Misalnya, Mahmud Mulyadi menyoroti sejumlah peristiwa kerumunan yang bisa mengakibatkan kedaruratan kesehatan bisa saja dijerat Pasal 93 UU No. 6 Tahun 2018 tentang Kekarantinaan Kesehatan. Jika kegiatan berkerumun dilakuan bisa dihukum pidana selama 1 tahun penjara dan denda minimal 100 juta.

“Di Indonesia sendiri, ketika pandemi banyak sekali kerumunan ketika melaksanakan kegiatan-kegiatan, sebenarnya bisa diterapkan pemidanaan, tetapi nanti kalau dipidana semua penjara akan penuh kan. Jadi tidak selamanya harus selalu menggunakan pendekatan pidana, masih banyak cara lainnya yang bisa diterapkan,” kata Mahmud Mulyadi saat live di Instagram Hukumonline, Jumat (4/12/2020). (Baca Juga: Choky R Ramadhan, Lebih Milih Peneliti dan Dosen Ketimbang Corporate Lawyer)  

Dia pun menyoroti penerapan berbagai tindak pidana yang mengandung masalah ketidakadilan hukum. Seperti, kasus-kasus ujaran kebencian dalam dunia elektronik/digital. Menurutnya, kasus seperti ini jangan langsung diproses pidana, tetapi masuk dulu ke ranah keterangan ahli bahasa, ahli ITE. Setelah itu, bisa masuk ke proses pidana jika memenuhi syarat. “Dalam praktek, kasus-kasus pidana ini seringkali berbeda dengan teori dan rasionalitasnya,” ujarnya.
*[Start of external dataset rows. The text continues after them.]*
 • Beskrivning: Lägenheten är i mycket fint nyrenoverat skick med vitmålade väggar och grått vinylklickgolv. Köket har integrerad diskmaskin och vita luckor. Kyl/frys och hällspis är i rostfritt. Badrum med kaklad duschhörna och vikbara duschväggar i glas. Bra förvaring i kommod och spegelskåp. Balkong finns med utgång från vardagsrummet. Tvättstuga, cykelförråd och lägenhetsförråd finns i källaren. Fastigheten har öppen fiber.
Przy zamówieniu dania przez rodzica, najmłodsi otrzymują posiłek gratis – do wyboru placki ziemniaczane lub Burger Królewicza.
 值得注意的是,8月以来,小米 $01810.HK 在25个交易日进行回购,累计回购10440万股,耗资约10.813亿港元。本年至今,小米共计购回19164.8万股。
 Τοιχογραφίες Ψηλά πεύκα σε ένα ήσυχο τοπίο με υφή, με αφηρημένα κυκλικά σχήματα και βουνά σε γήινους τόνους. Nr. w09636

Contoh lain, kata Mahmud, seringkali dalam suatu kasus hukum menggunakan jalur pidana, padahal hal tersebut masuk ranah perdata. Misalnya, aparat penegak hukum (polisi) ikut turut serta menagih hutang, padahal ini ranah perdata dan bukan pidana. “Jadi, aparat penegak hukum kita juga harus tahu mana ruang lingkup hukum pidana atau perdata, hal ini sampai saat ini masih terjadi,” ujar Dosen yang dikenal berambut Jambul ini.   
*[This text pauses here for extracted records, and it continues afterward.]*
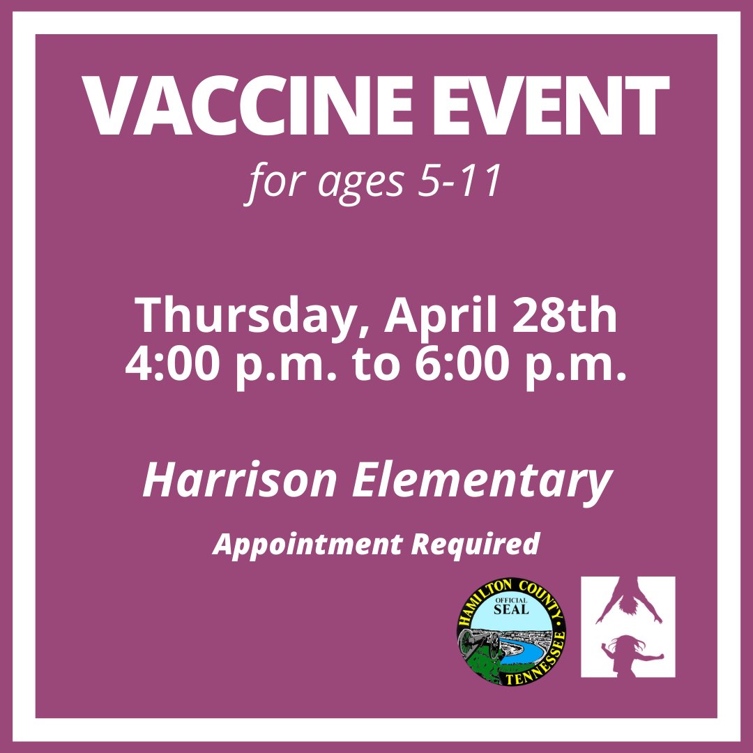 Join us for a Vaccine Event for ages 5 to 11! A parent or guardian must be present during the appointment. To schedule an appointment, visit https://bit.ly/April28VE or call (423)209-8383.pic.twitter.com/L979u1rACA
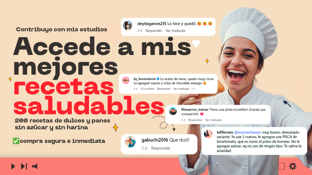 Con esta contribución simbólica, obtendrás acceso completo a mi libro con mis mejores panes y postres saludables, además de apoyar mis estudios de gastronomía. Es una forma de recibir recetas deliciosas, fit y fáciles, mientras me ayudas a continuar crean
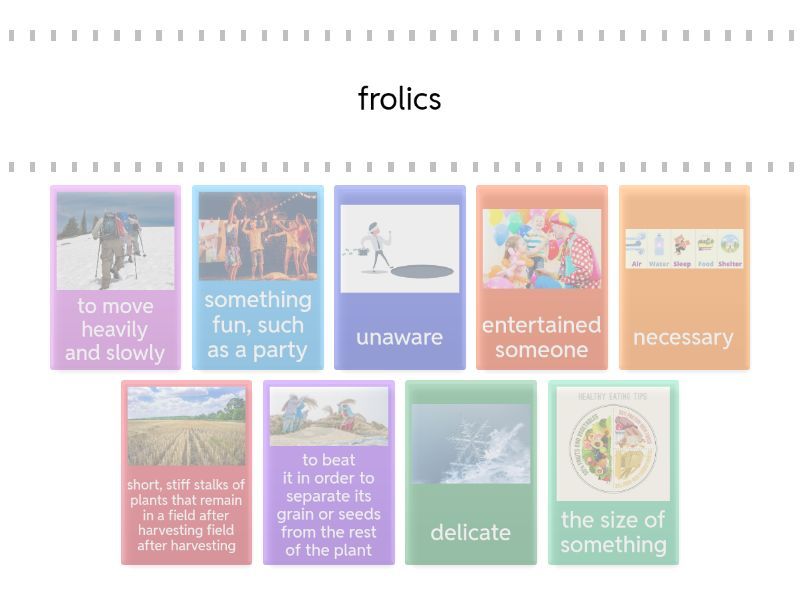 something fun, such as a party - frolics, short, stiff stalks of plants that remain in a field after harvesting field after harvesting - stubble, necessary - indispensable, delicate - dainty, to move heavily and slowly - plod, unaware - oblivious, the size of something - proportions, entertained someone - regaled, to beat it in order to separate its grain or seeds from the rest of the plant - thresh,
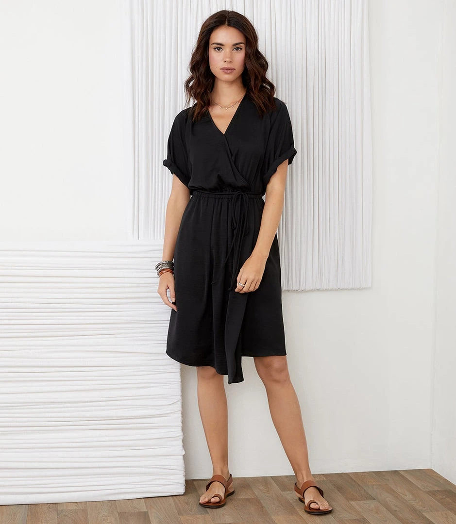 - This faux wrap dress features a flattering silhouette, soft fabric, and a versatile design that suits all body types. Available in multiple colors and sizes.
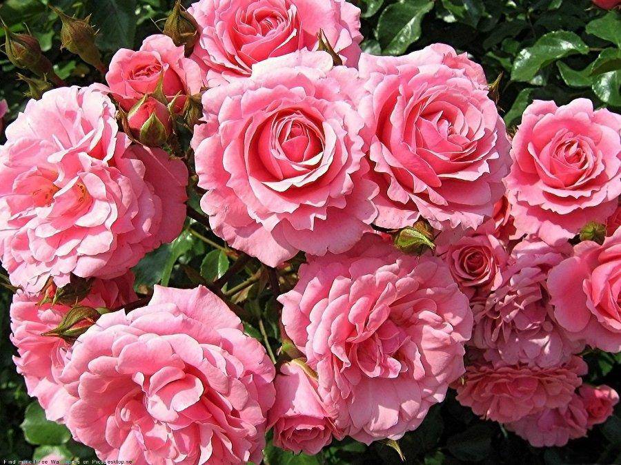 - Флорибунда. Еще одна группа роз, в чьи плюсы входит хорошая устойчивость к дождливой и морозной погоде, а также известным заболеваниям.В группу флорибунда входят сорта роз, созданные на основе полиантовых и чайных. Длина кустовых ветвей может быть как 40 см, так и 150 см. Цветки собираются в подобие букета уже на ветви. Бутоны полумахрового, либо махового типа.
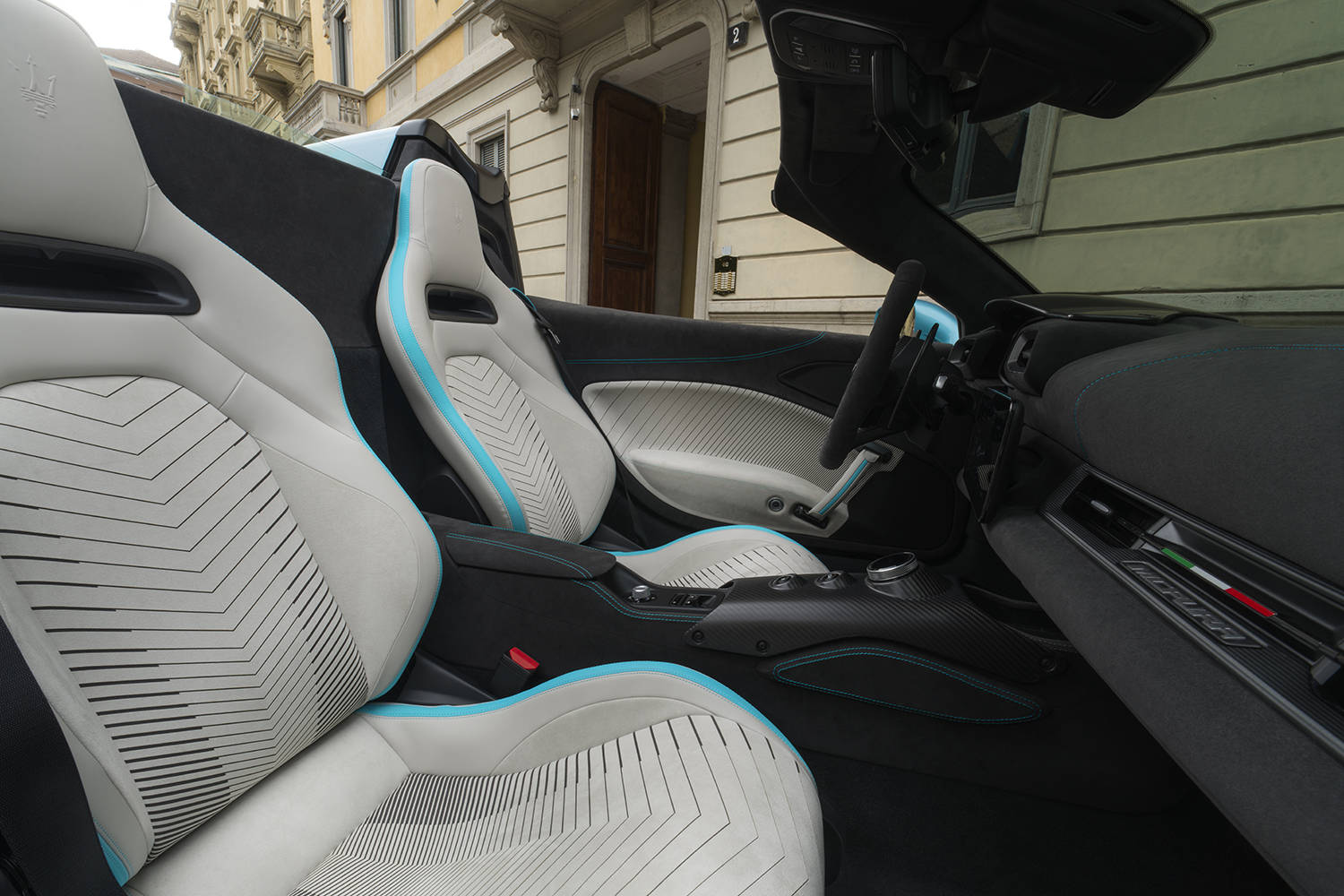 車尾擴散器的造型依舊夸張,中置排氣、后窗的散熱口強化了這款車不凡的動力儲備。瑪莎拉蒂著重關(guān)注比例平衡。下部線條更加犀利、簡潔。極具美學個性的設(shè)計皆有特定目的。新車配色除神秘灰、隱秘灰、純粹黑、冰川皓白、無界曜藍、烈焰紅、絕塵黃、皇家綠及靈動黑外,新增配色魔力橙。

Terkait penyederhanaan perizinan dan sistem Online Single Submission (OSS/perizinan berusaha secara online) dalam UU Cipta Kerja guna menekan pungli, menurut Mahmud dipetakan terlebih dahulu di tahapan perizinan mana yang rawan terjadinya pungli/suap? “Nah, dalam sistem OSS bisa menutup celah itu,” ujar peraih gelar Doktor dari FH USU pada 2006 ini.   
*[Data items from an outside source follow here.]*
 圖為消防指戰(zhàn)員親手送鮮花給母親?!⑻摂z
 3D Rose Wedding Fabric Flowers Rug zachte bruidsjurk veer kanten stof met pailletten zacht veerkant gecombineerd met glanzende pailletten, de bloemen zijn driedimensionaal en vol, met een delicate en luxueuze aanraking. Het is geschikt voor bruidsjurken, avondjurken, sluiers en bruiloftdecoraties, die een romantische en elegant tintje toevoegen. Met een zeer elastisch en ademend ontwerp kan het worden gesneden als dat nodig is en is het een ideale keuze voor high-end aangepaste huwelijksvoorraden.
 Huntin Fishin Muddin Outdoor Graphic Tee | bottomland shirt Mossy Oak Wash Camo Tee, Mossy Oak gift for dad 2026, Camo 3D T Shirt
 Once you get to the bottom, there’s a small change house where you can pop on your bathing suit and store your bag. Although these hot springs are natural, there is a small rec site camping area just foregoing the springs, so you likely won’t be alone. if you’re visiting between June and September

Mengenai peran jaksa dalam tindak pidana korporasi, menurutnya, kejaksaan dan kepolisian ini banyak orang cerdas. Akan tetapi, dilihat dari kelembagaan kejaksaan belum bisa disimpulkan apakah mendukung atau tidak dalam penegakan tindak pidana korporasi. Sebab, kalau melihat dari sejarahnya, polisi dan jaksa ini masuk dalam kategori Bhayangkara.